Complimented by Art 1898: “if the agent contracts in the name of the principal, exceeding the
scope of authority, and the principal does not ratify the contract, it shall be void if the party with
whom the agent contracted is aware of the limits of the powers granted by the principal”

According to New York Company’s letter they certified NAMERCO to be their exclusive
representatives in the Phils. for the sale of their products; that they are empowered to present
offers in New york’s behalf in accordance with their cabled, written instructions. (So yun lang
ang auth.

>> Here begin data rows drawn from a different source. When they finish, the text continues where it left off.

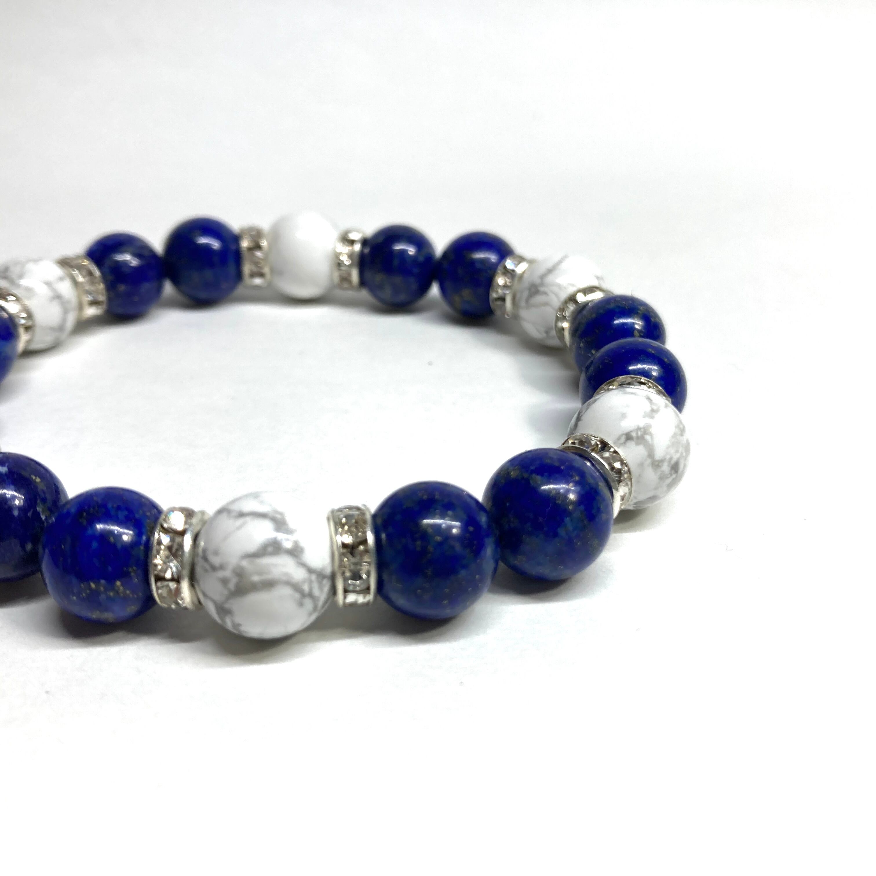 こちらは、ラピスラズリとハウライトを組み合わせたパワーストーンブレスレットです。間にはロンデルを挟み高級感あるデザインに仕上げております。石大きさは腕にも馴染みやすいように10mm玉で内径約18cm(伸可能)です。 数に限りがございますので気になる方はお早めにどうぞ。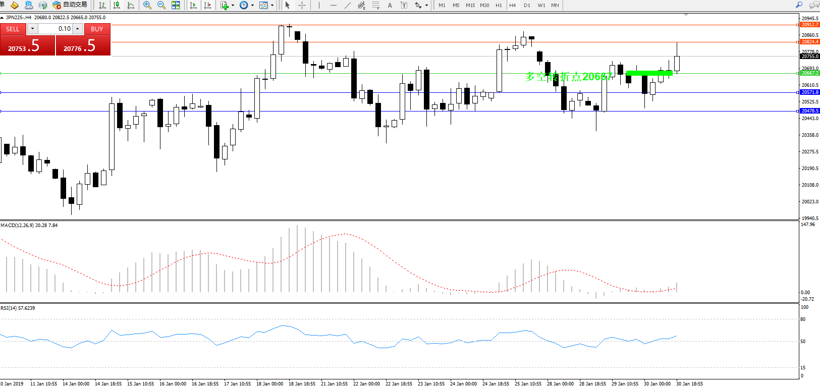 交易策略:20667上方看涨,目标20824、20912
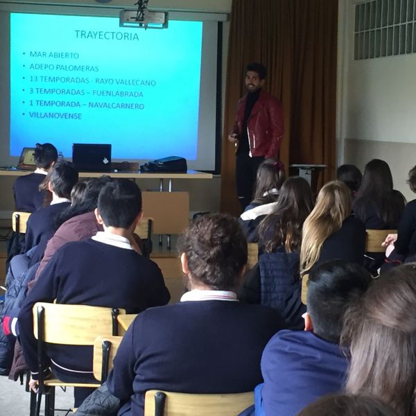 SEMINARIO DEPORTIVO: Nuestros alumnos de 3° de la ESO y 4° ESO C han asistido al seminario deportivo impartido por Ismael Gil, ex jugador del Rayo Vallecano y actual portero del Villanovense en segunda división B. Los alumnos han escuchado la experiencia de un jugador profesional como Ismael, su trayectoria desde categorías inferiores hasta ser profesional. Cómo luchar por sus sueños, y las actitudes y aptitudes que debemos tener para lograr nuestros deseos. La importancia de los estudios y del sacrificio. También la vida del deportista, salud y dieta sana.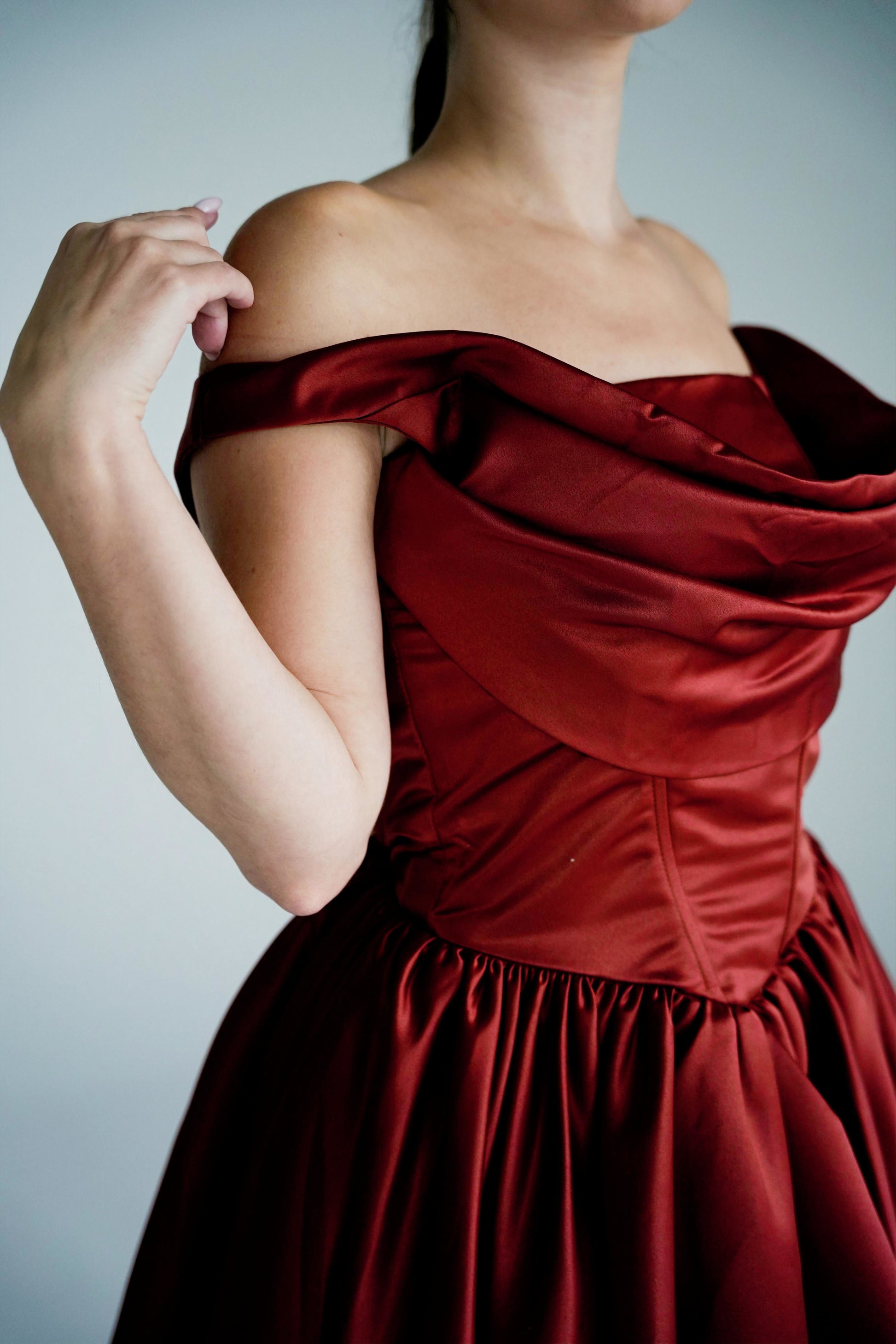 This style features premium matt satin with tulle lining and boned bodice construction for structure and support. The T-shaped waist creates a flattering silhouette.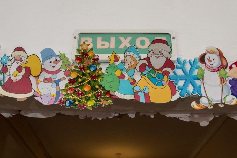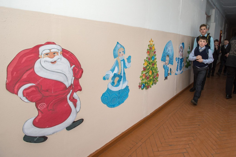 Новыми красками засияли и строгие школьные стены. Около кабинета математики порхают красногрудые снегири, у кабинета русского языка встречает снеговик, а дверь в класс географии напоминает чертоги снежной королевы.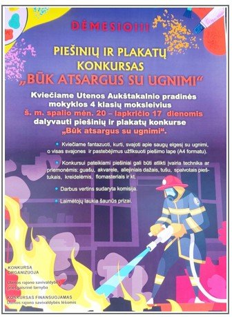 Gruodžio mėn. 18 dieną Utenos Aukštakalnio pradinėje mokykloje 4 klasių moksleiviams įteikti diplomai, padėkos ir prizai visiems dalyvavusiems piešinių ir plakatų piešimo konkurse „Būk atsargus su ugnimi!“. Piešimo konkursui, kuris vyko spalio mėn. 20 – lapkričio 17 dienomis, moksleivius kvietėme fantazuoti, kurti, svajoti apie saugų elgesį su ugnimi, o visas svajones ir pastebėjimus užfiksuoti piešimo lape. Konkursui pateikta net 65 piešiniai.
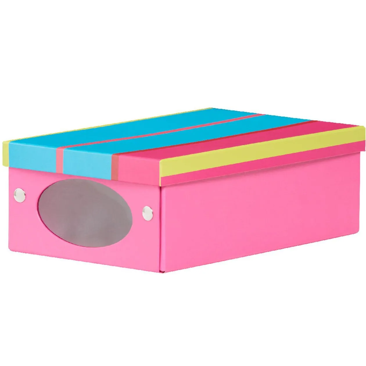 Boîte de rangement multicolore en carton, dim. 34x21x11 cm, carton et fenêtre PVC.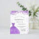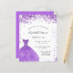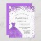 甘モダンい16スタイリッシュ、16歳の誕生日パーティーへの魅力的な招待。前面:白い背景に紫、薄紫の輝き、紫のドレス。名前は手書文字のスタイルスモダンクリプト付き。カスタマイズしてパーティー詳細を追加する。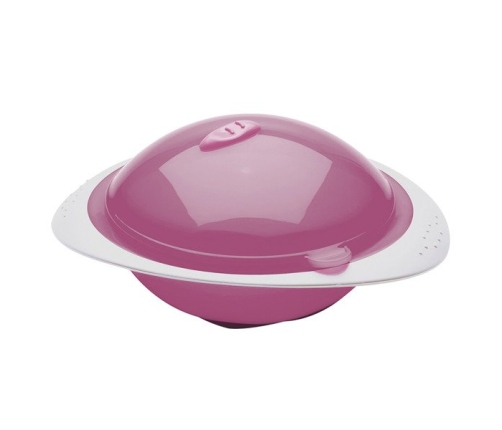 Miseczka z przykrywką. Idealnie nadaje się dla dzieci od 6 miesiąca życia. Miseczkę można używać na dwa sposoby, do podgrzewania jedzenia w mikrofali, lub do przechowywania żywności w lodówce. Tworzywo z jakiej została wykonana miseczka, jest przeznaczone do kontaktu z żywnością i nie zawiera bisfenolu A. Dzięki suwakowi para może się wydobywać.
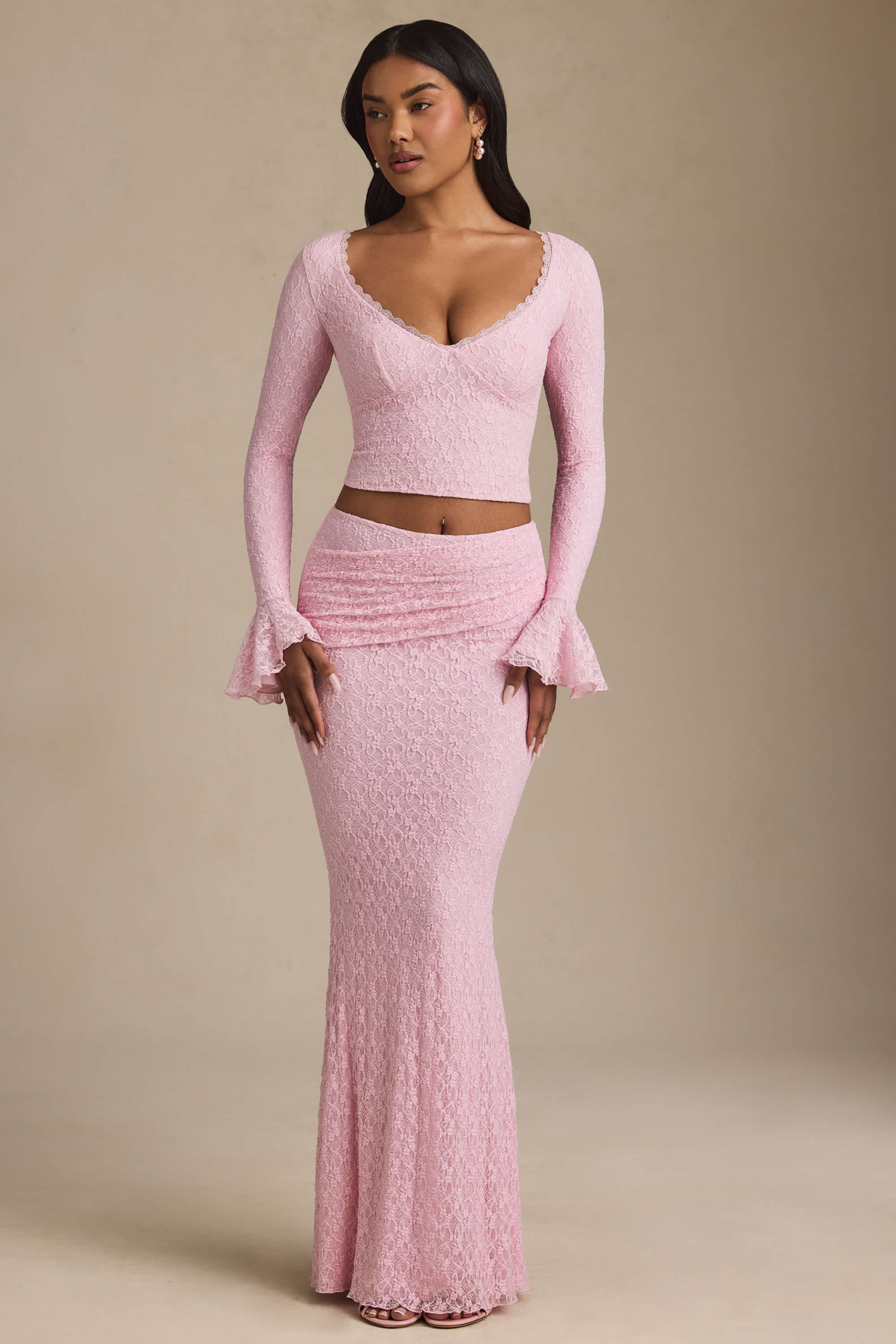 Draped Low-Rise Lace Maxi Skirt in Soft Pink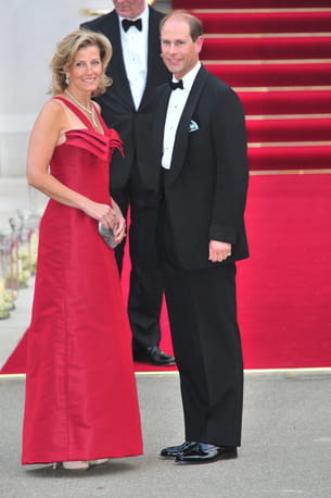 Sophie d'Edimbourg en longue robe rouge Bruce Oldfield et escarpins nude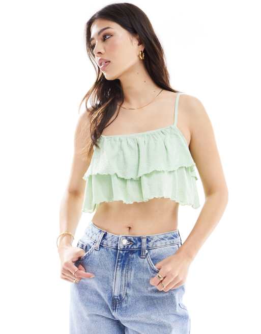 Scalpers ruffle bra t-shirt in light green

Ng NAMERCO, not to sign contracts contrary pa to their instructions...)

4. Regarding damages, SC ruled that P45,100 is the amount of liquidated damages / 10% of the
selling price of sulfur. Because NAMERCO’S liability should be based on tort / quasi delict and
not on a contract of sale; NAMERCO was in good faith, made persistent efforts to charter a
vessel, Art. 2227 provides that liquidated damages, whether penalty or indemnity, shall be
equitably reduce if iniquitous / unconscionable.